L’escroquerie aux faux ordres de virement ou « escroquerie au président » connaît, depuis quelques années, une forte recrudescence.
L’arnaque au président consiste pour le fraudeur à contacter une entreprise cible, en se faisant passer pour le président de la société mère ou du groupe. Le contact se fait par courriel ou par téléphone. Après quelques échanges destinés à instaurer la confiance, le fraudeur demande que soit réalisé un virement international non planifié, au caractère urgent et confidentiel. La société sollicitée s’exécute, après avoir reçu les références du compte étranger à créditer.
En présence d’ordres de paiement comportant des anomalies apparentes, la banque doit, en vertu de son obligation de vigilance, s’assurer de la régularité des ordres de virement auprès du donneur d’ordre.

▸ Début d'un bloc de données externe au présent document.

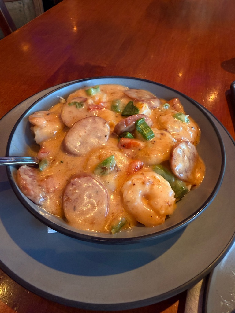 Wonderful and smooth, cheese and grits make the shrimp and sausage more delicious and fresh, five star!

La comptable d’une société, agissant en exécution d’e-mails adressés par un tiers usurpant l’identité de son dirigeant, ordonne sept virements depuis le compte de la société vers le compte d’une société située à Hong Kong pour un montant de 2 121 903,81 €.
Dans son arrêt du 2 octobre 2024, la Cour de Cassation accueille la demande de la société en restitution des sommes versées.

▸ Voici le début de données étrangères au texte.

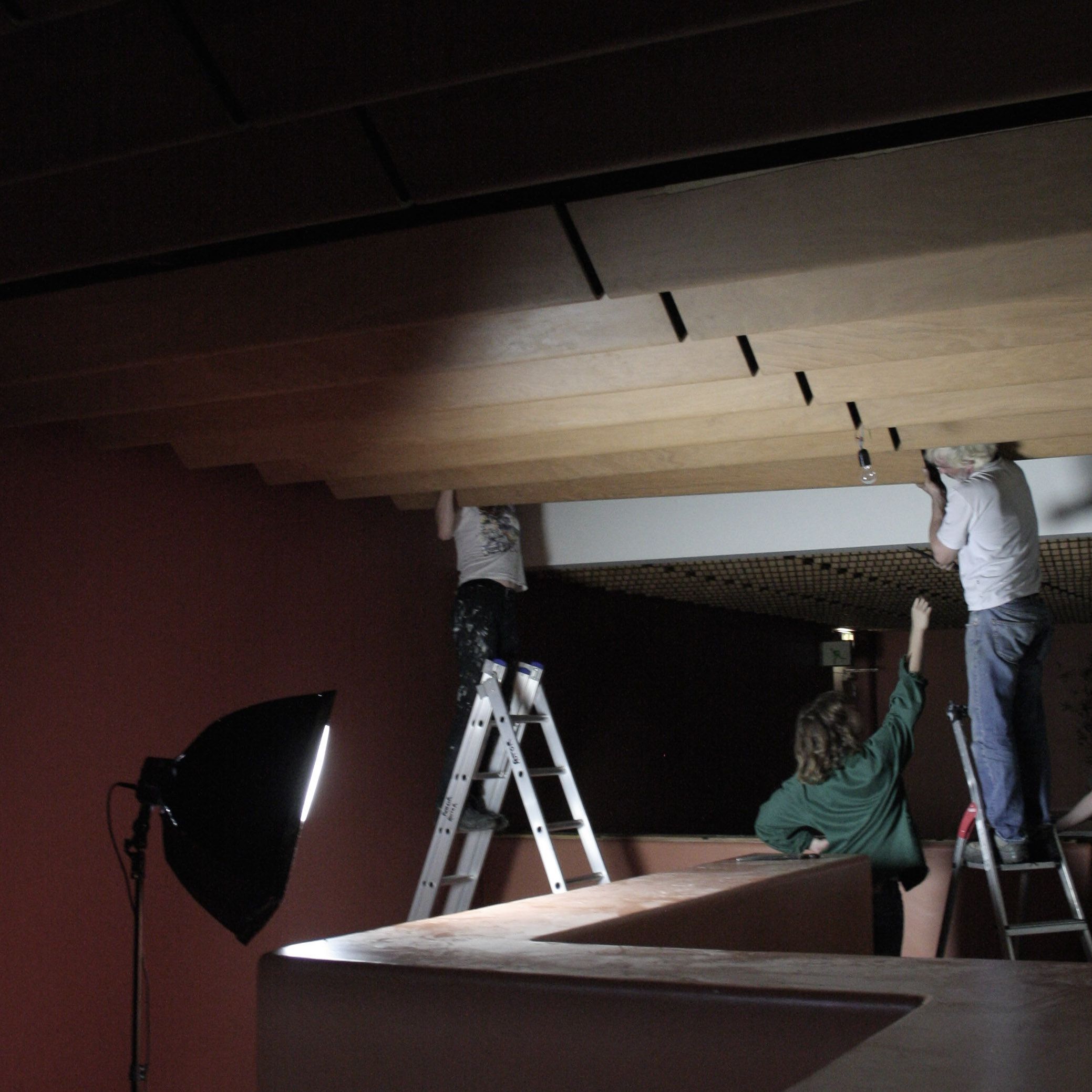 We will reveal the components gradually as we unpack them. The first items published are the recognisable curved plywood dropped ceiling panels!

Il résulte en effet des éléments suivants que les ordres de virement comportaient des anomalies apparentes et que les circonstances inhabituelles entourant les virements litigieux laissaient suspecter une possible « fraude au président », de sorte que la banque aurait dû vérifier la régularité des ordres de virement auprès du dirigeant de la société, seule personne contractuellement habilitée à les valider :
- les ordres de virements avaient eu un caractère rapproché et répété ;
- la période de l’année à laquelle ils étaient intervenus était inhabituelle ;
- leurs montants étaient élevés par rapport aux ordres habituellement donnés ;
– ils avaient été établis au bénéfice de sociétés qui ne faisaient pas partie des relations d’affaires de la société et qui était situées en dehors de l’espace habituel de son activité.
En l’espèce, la banque avait d’ailleurs fait contrôler les ordres de virement par la comptable, qui les avait confirmés, pensant que la consigne émanait de sa hiérarchie. Le contrôle de la banque auprès du seul préposé a été jugé insuffisant au regard de son obligation de vigilance.

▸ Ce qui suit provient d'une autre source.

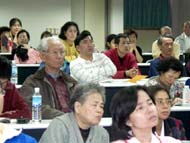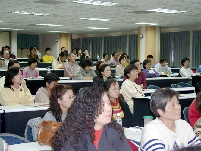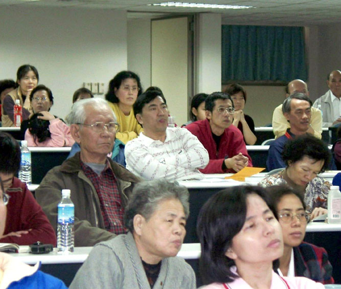 国立中兴大学刘正义教授谈“身心灵健康DIY(Do It Yourself亲身实践)”,提及他修炼前后身心巨大的变化。他幽默自然,以诚恳又冷静、坚定的语气讲他修炼中精彩的小故事,讲这部法对他生命是何等的重要。刘教授一而再,再而三鼓励大家一定要珍惜这个缘,走進来修炼,并谈及中国大陆法轮功学员的处境,及大陆江氏集团对法轮功的造谣、抹黑。这个真象真是讲到学员心灵深处,有些新学员流下同情的眼泪,也终于明白法轮功是百分之百好的,他要告诉他的亲人。
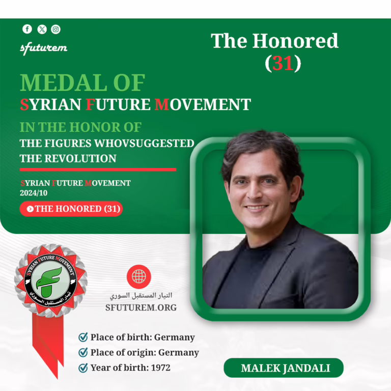 In the Syrian Future Movement, in recognition of his rich, artistic, humanitarian, and national legacy, and his steadfastness alongside his

La Cour de cassation apporte ici une précision importante en jugeant que la banque avait l’obligation de contacter le dirigeant lui-même, qui est la seule personne habilitée contractuellement à valider les ordres de virement.
A noter que la responsabilité de la banque n’a été retenue qu’à hauteur de 50 % car la société avait également commis une faute. Les juges du fonds ont une grande liberté d’appréciation en ce domaine, la part de responsabilité de la banque peut donc varier en fonction des circonstances.